PHP passes arrays by value by default, so $current is automatically copied when passed to the recursive call. The $result array uses pass-by-reference (&$result) to accumulate results across calls.

Frequently Asked Questions

What is the Combination Sum problem?
Given an array of distinct positive integers (candidates) and a target integer, find all unique combinations of candidates that sum to the target. Each candidate can be used an unlimited number of times. For example, with candidates [2, 3, 6, 7] and target 7, the valid combinations are [2, 2, 3] and [7].
Why is backtracking the right approach for Combination Sum?
Backtracking systematically explores all possible combinations by building them one element at a time. When the running sum exceeds the target, the algorithm prunes that branch and tries the next candidate.
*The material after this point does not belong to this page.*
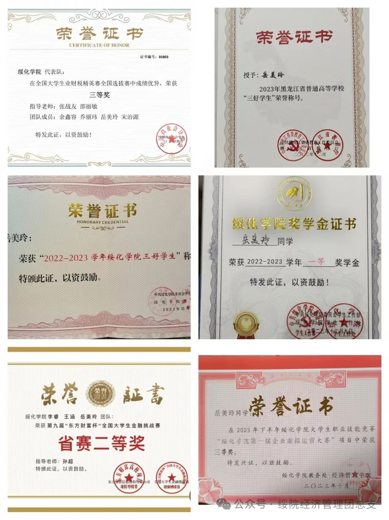 在学习上,岳美玲始终以学业为重心,保持高度自律的学习状态。课堂专注听讲,课后及时复盘。学业成绩始终位列前茅,凭借优异的表现,多次获得奖学金。此外,她还注重学术探索与交流,积极与专业教师沟通,广泛阅读相关专业材料,不断拓宽学术视野,踊跃参加各类比赛,取得了许多优异的成绩。

This avoids generating invalid combinations and naturally handles the unlimited reuse constraint by allowing the same index to be chosen again in recursive calls.
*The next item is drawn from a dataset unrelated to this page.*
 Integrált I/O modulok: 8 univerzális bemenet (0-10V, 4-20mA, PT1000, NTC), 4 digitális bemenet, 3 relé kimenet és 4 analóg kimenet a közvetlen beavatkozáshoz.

How does the start index prevent duplicate combinations?
The start index ensures each recursive call only considers candidates at or after the current position. Without it, both [2, 3] and [3, 2] would appear as separate combinations. By only iterating forward from start, the algorithm enforces a non-decreasing order within each combination, guaranteeing uniqueness.
What is the time complexity of the Combination Sum solution?
The time complexity is O(2^target) in the worst case. Each recursive call either includes a candidate or moves to the next one, creating a binary-choice tree. The depth of recursion is bounded by target divided by the smallest candidate. In practice, pruning significantly reduces the number of explored branches.
What is the space complexity of the Combination Sum solution?
The space complexity is O(target) for the recursion stack depth, since the longest possible combination uses the smallest candidate repeated target/min(candidates) times. The current combination list also grows up to this length. The output space for storing all valid combinations is not counted in the auxiliary space analysis.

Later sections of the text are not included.